Luglio 29, 2021

«Se non puoi cambiare il mondo, cambia come lo vedi». La storia di Bas van de Goor

Alice Chiarot

La storia della pallavolo italiana è colma di vicende di grandi campioni che, con il loro passaggio, hanno lasciato un segno. Alcuni di loro si sono fatti conoscere e rispettare in campo, altri sono stati in grado di farsi amare fuori. Solo pochi hanno avuto la capacità di fare entrambe le cose e di rimanere a modello per molte generazione. Sebastiaan Jacques Henri van de Goor, detto Bas, è stato uno di questi.
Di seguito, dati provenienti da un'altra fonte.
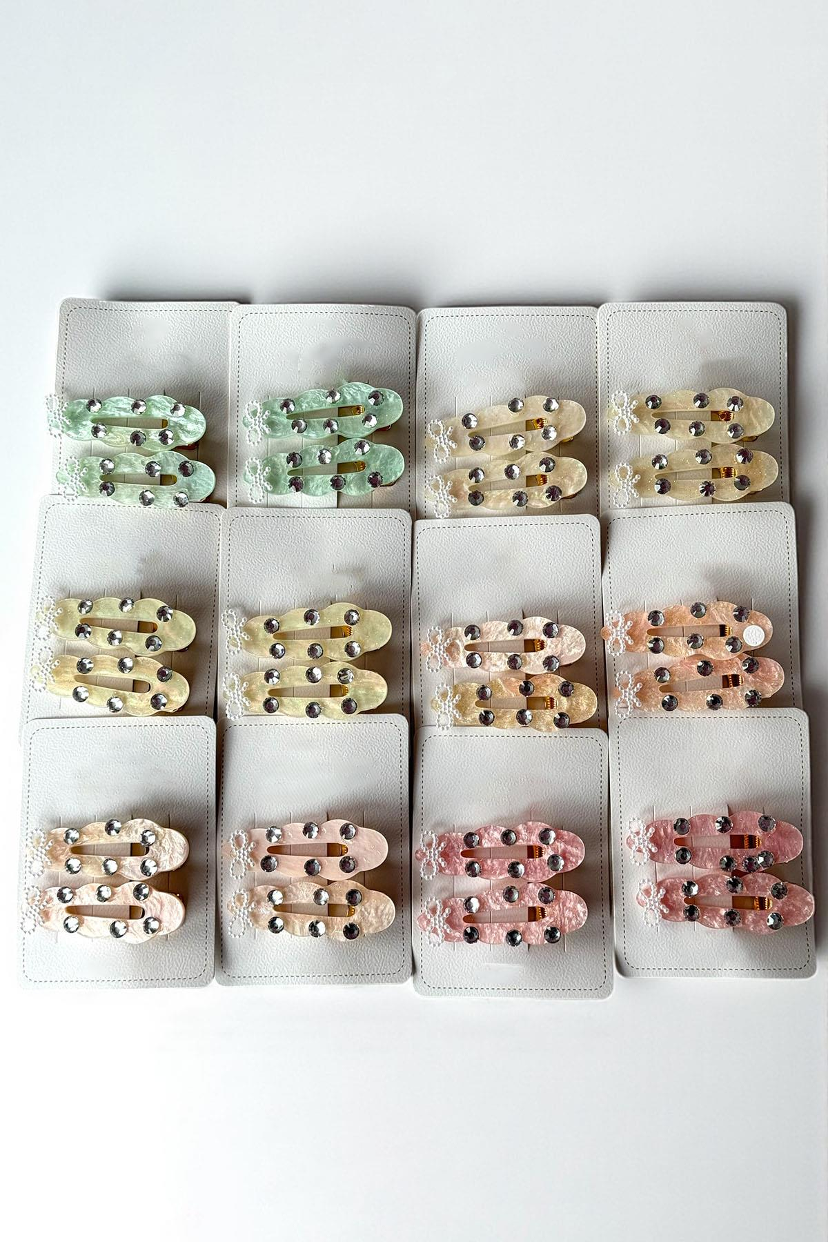12'li Karışık Renk Taş Detaylı Yan Toka Set

Centrale olandese classe 1971, Bas van de Goor ha giocato per 8 stagioni nel nostro campionato dove si è fatto amare dai tifosi di Modena e Treviso per la sua personalità e per le sue doti in campo. L’attacco e il muro dal centro sono stati la sua arma sul taraflex. Nella sua carriera, costellata da successi e vittorie, ha collezionato tre scudetti, tre Coppe Italia, tre Supercoppe italiane e tre Champions League. A questo già ricco palmarés si aggiunge anche la medaglia d’oro olimpica conquistata in finale, spezzando il cuore dell’Italia di Julio Velasco ad Atlanta ’96. Per tutti i suoi meriti, nel 2018 è stato inserito nella Hall of Fame della pallavolo mondiale.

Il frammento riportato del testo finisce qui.